Follies of Islamic economics


Last of two parts of ‘Islam in label, not in content’

ISLAMIC economics imposes a heavy and unneeded burden on the ummah. Like its much earlier version during pre-partition India, Islamic economics is more a rallying cry for cohesion, self-respect, and differentiation. More to insulate the ummah from foreign influence, less on improving their lives. Perversely by ignoring time-tested modern economic insights, Muslims remain marginalised today, just as they were during colonial India.

The Iraqi Muhammad Baqir al-Sadr’s “Iktisaduna” (Our Economics), in tandem with Syed Muhammad Naquib al-Attas’ Islamisation of Knowledge (IOK) movement, reignited the fad. Al-Sadr’s two-volume tome criticised both capitalism and socialism. He offered a third – Islamic – alternative. He did not live to see today’s myriad Islamic economics as he was executed by the Saddam regime. From the tone of his “Iktisaduna”, I am uncertain whether he would approve of the current flood of fanciful, complicated, and expensive Islamic financial products.

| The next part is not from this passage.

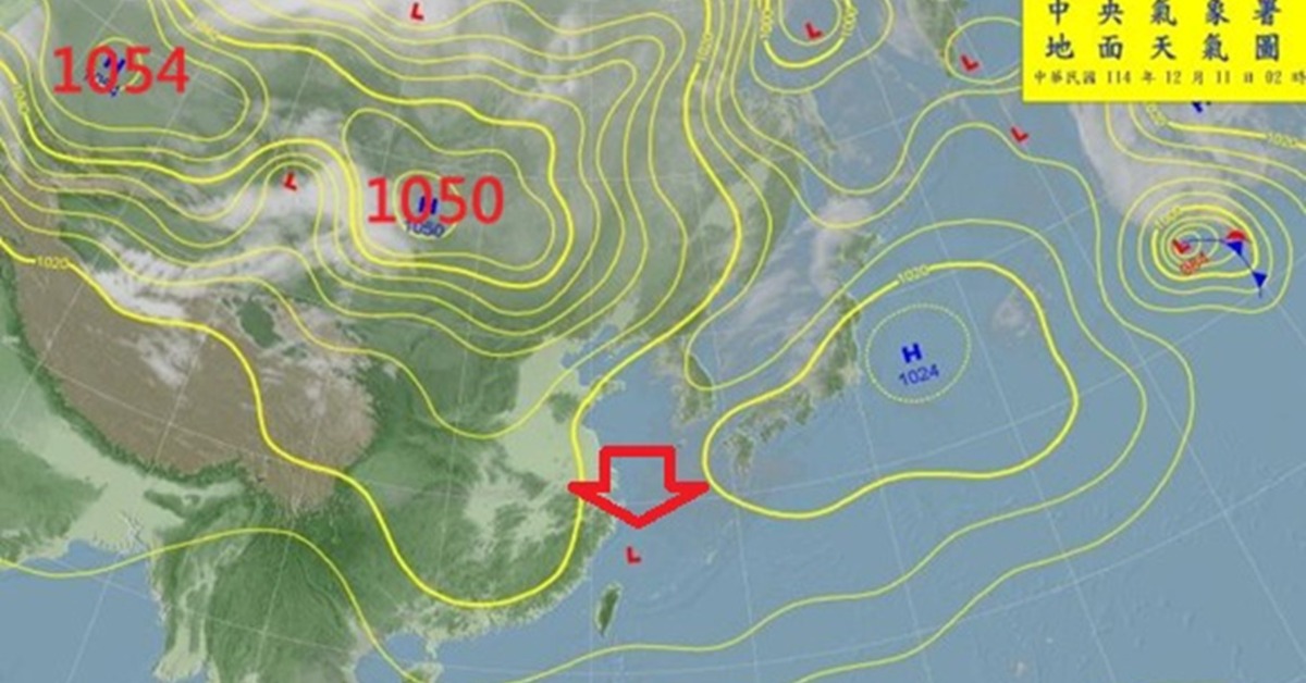 今(11)日上午,受東北季風減弱影響,全台各地氣溫回升,不過到了下午,東北季風稍微增強,迎風面的水氣也隨之增加。前氣象局長鄭明典貼出平均海平面氣壓現況圖表示,週末影響台灣的冷高壓,將帶來一波東北季風增強。
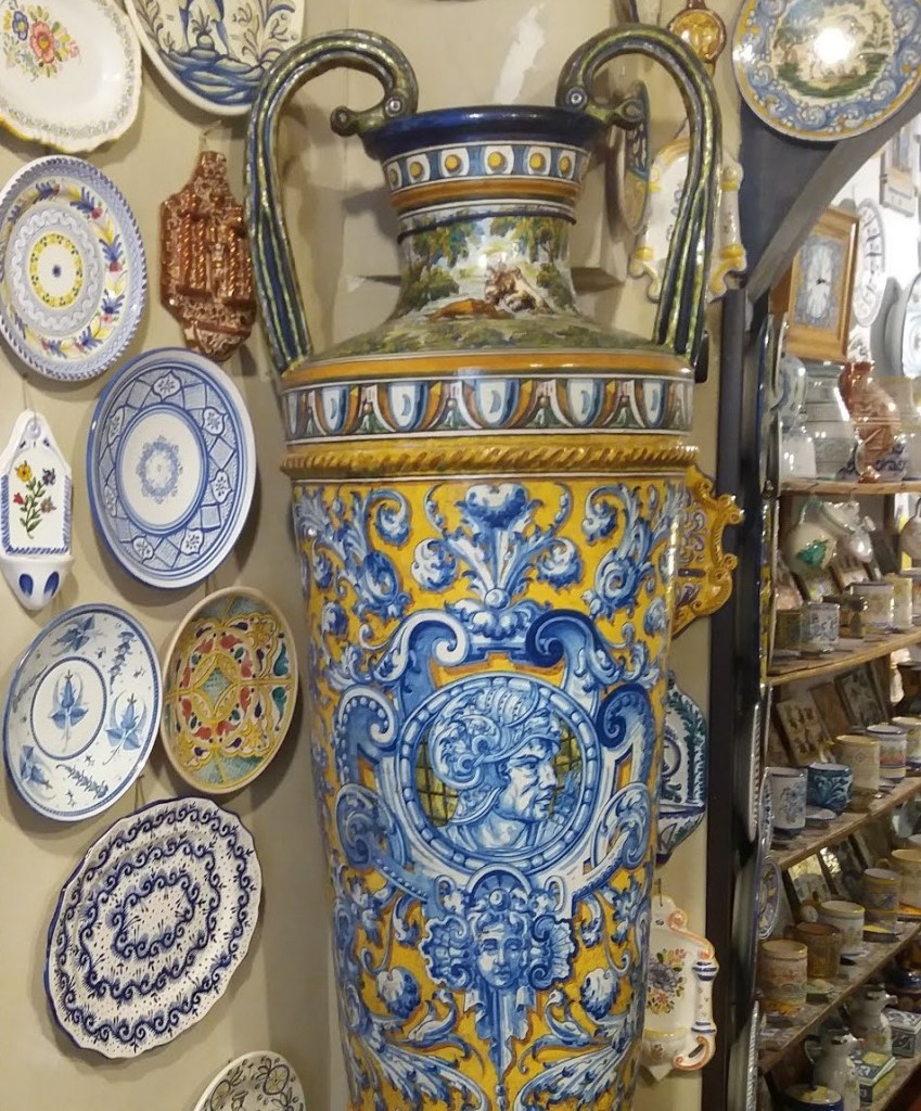 Obras de gran calidad y de diferentes procedencias, trabajados en pequeños talleres de Talavera de la Reina, Toledo, Puente del Arzobispo, Alcora en Castellón, Manises en Valencia, Sevilla, Onda, Ribesalbes, Granada, los mismos proveedores de siempre, que siguen trabajando con tornos de rueda, con hornos de leña, con baños de vidriado de estaño y de plomo, con pigmentos naturales. Cuencos, tazas, jarras, vasos, fuentes, azulejos, cada pieza original ,reproduciendo formas y dibujos antiguos.

Not having lived under socialism I cannot comment on al-Sadr’s take on that system. However, his exposition on capitalism was more a caricature, and of the raw exploitative version of Charles Dickens’ era. Al-Sadr was ignorant of modern market economy’s role in emancipating society as well as its elaborate protections, as with bankruptcy and pro-competitive laws. As for his much-quoted Islamic third path, I have yet to see any Muslim nation adopting it.

Islamic economics fails to address much less untangle four key problematic areas. First, “ribaa”. It is simplistically translated as “interest” without analysing and discerning its operational meaning, then and now. Second, complex Islamic inheritance laws that prevent enterprises surviving the death of their founders and the consequent fragmentation of estates, quite apart from trapping assets under prolonged probates. Third, failure to leverage “zakat mal” (Islamic tax on wealth). Fourth, lack of instruments like the modern corporation so enterprises could survive their owners’ demise as well as provide them liability protection.

“Wakaf” (trusts), first used during the Prophet’s time but not mentioned in the Quran, could be that vital fourth instrument, as Benedikt Koehler noted in his “Early Islam And The Birth Of Capitalism”. Distracted by IOK however, Islamic economists have failed to develop it. It took Western capitalists to evolve that concept into today’s trusts and limited liability corporations. “Wakaf” is instructive on another level – the ability of ancient Muslims to be inspired but not limited by the Quran. They could have dismissed “wakaf” or “bidaah” (adulteration of the faith) as haram since it was not revealed.

Muslim economists are trapped by terminology. Consider “ribaa”, with its evil connotation. Substitute “cost of capital,” which is what it is, or in Malay “harga modal” and not “bunga”, rental on money. As for the exploitative and punitive aspects of non-repayments of loans, as with indentured servitude during the Prophet’s era, I have yet to see borrowers in capitalist countries being jailed let alone enslaved for not repaying their loans.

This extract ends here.